Balai Konservasi Sumber Daya Alam (BKSDA) Aceh merespon kehadiran harimau Sumatera (Panthera tigris sumatrae) yang menimbulkan konflik dengan warga di Desa Punti Payong, Kecamatan Ranto Peureulak, Aceh Timur.
Kepala BKSDA Aceh, Agus Arianto mengatakan, pihaknya sudah menurunkan tim ke lokasi untuk mengidentifikasi keberadaan harimau Sumatera tersebut.
“Kita ingin pastikan lokasi dan lain sebagainya… untuk mengatasi gangguan satwa liar (harimau Sumatera) ini,” kata Agus, Minggu (2/10).
Agus mengatakan pihaknya akan melakukan antisipasi dengan menghalau satwa lebih jauh ke hutan.
“Kita akan mengambil langkah mengusir harimau itu ke kawasan terjauh (di hutan) yang kita bisa.”

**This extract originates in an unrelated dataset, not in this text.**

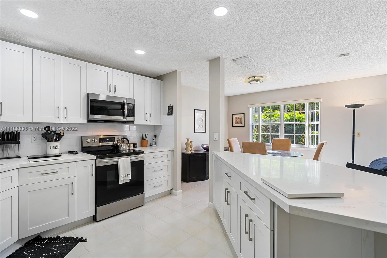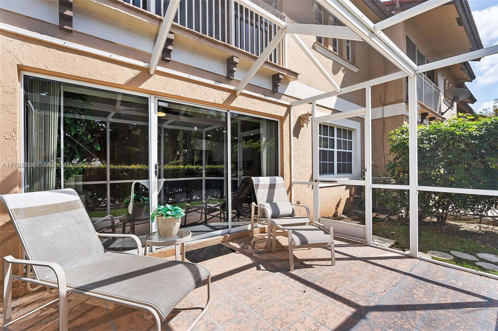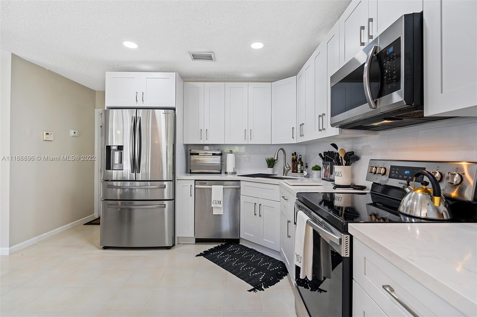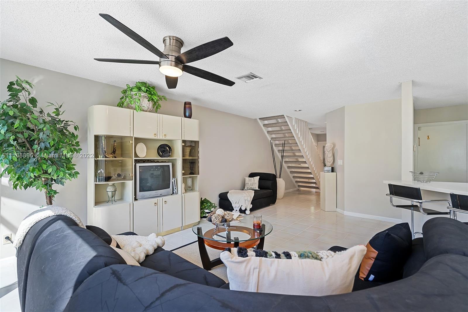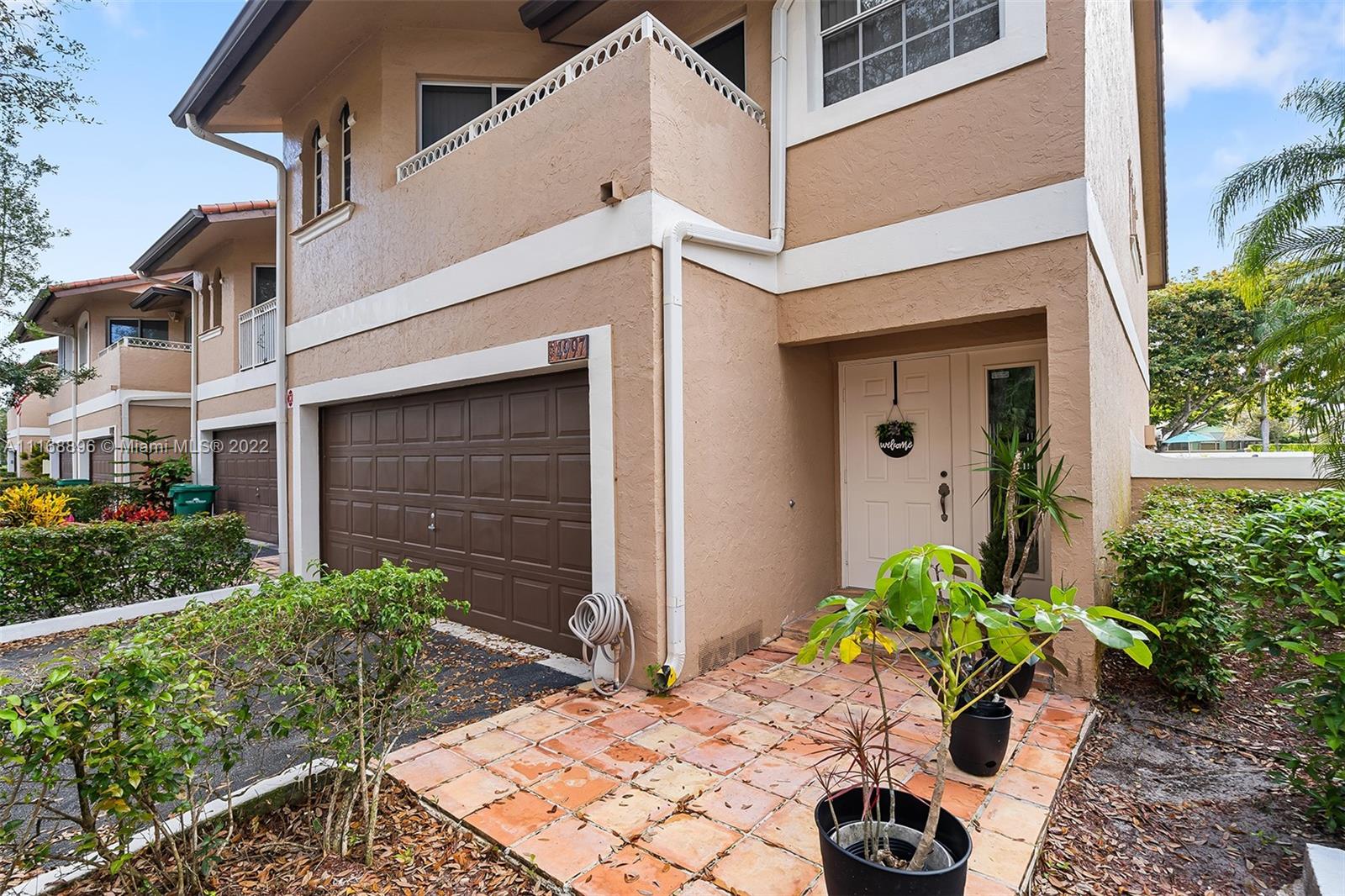 This is the one! Spacious corner 3-bedroom 2 and a half bath townhouse with 2 car garage in desirable Coral Sun, Coral Springs. 1st floor has a foyer entry, an open concept living area, powder room, beautifully renovated kitchen with stainless steel appliances and quartz countertops, huge island and custom cabinetry. Sliding doors open to a serene extended screened in patio. Second floor 2 front bedrooms share a balcony, and each have huge walk-in closets, owner's suite has sliding doors for an indoor/outdoor feel, vaulted ceilings and a renovated bathroom. Closet space galore! Centrally located close to highways and shopping. See this beautiful townhome before its gone!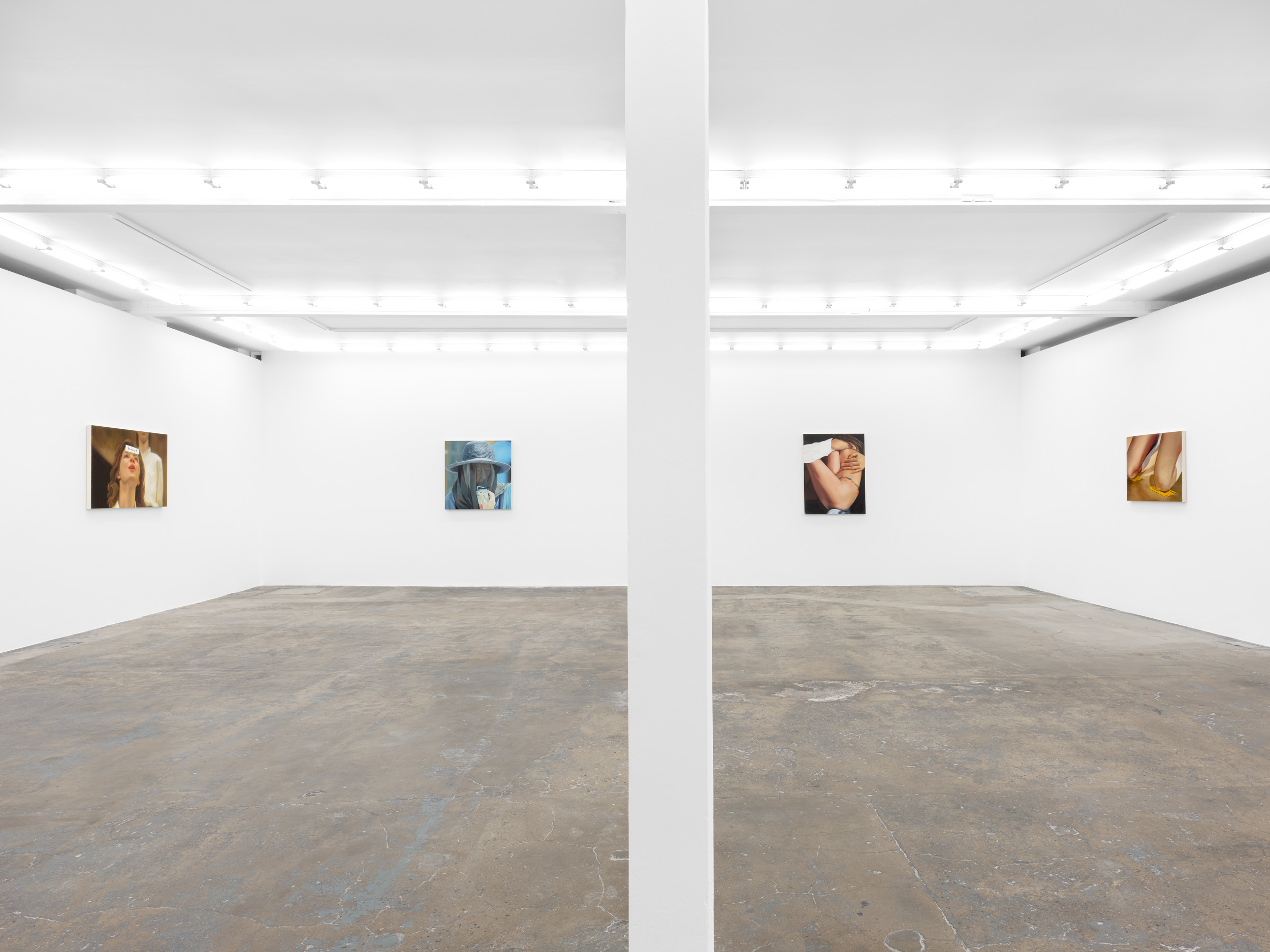 In her most emotionally autobiographical group of works to-date, the artist combines her signature cropped compositions and anonymous figures with motifs from childhood. In their charged stillness, figures interact with objects including building blocks, a curling plastic straw, coloured pencils, a juice box and more, in order to engender a confronting tenor of oddly familiar discomfort within the exhibition. The uncanny combination of disobedience and estrangement with sentimental intimacy that continues to be characteristic of Lucy’s work here enables the artist to examine the psychological architecture of adulthood. In Woman with a juice box, the artist’s focus remains our relationship to our repressed memories, thoughts and feelings and by extension, how we unrelentingly seek their resolution. Lucy imagines and constructs her compositions akin to the way our subconscious builds dreams: through non-linear connections that often confuse and distort reality into an otherwise unforeseen sequence of images and perceptions.

Ia mengungkapkan apabila Langkah tersebut belum berhasil, BKSDA telah menyiapkan rencana lain dengan menangkap si Belang dan melepasliarkannya ke hutan rimba.
Untuk antisipasi konflik sebelum harimau dihalau ke dalam hutan, Agus mengimbau warga setempat untuk tidak melepas hewan ternak di areal konflik.
Harimau Sumatera dilindungi oleh Undang-Undang Nomor 5 Tahun 1990 tentang Konservasi Sumber Daya Alam Hayati dan Ekosistemnya.
Kontradiksi konflik yang dihadapi adalah harimau Sumatera berstatus kritis atau critically endangered sesuai catatan International Union for Conservation of Nature (IUCN).
Sehingga upaya penyelamatan yang dilakukan haruslah berdasarkan kebaikan semua pihak.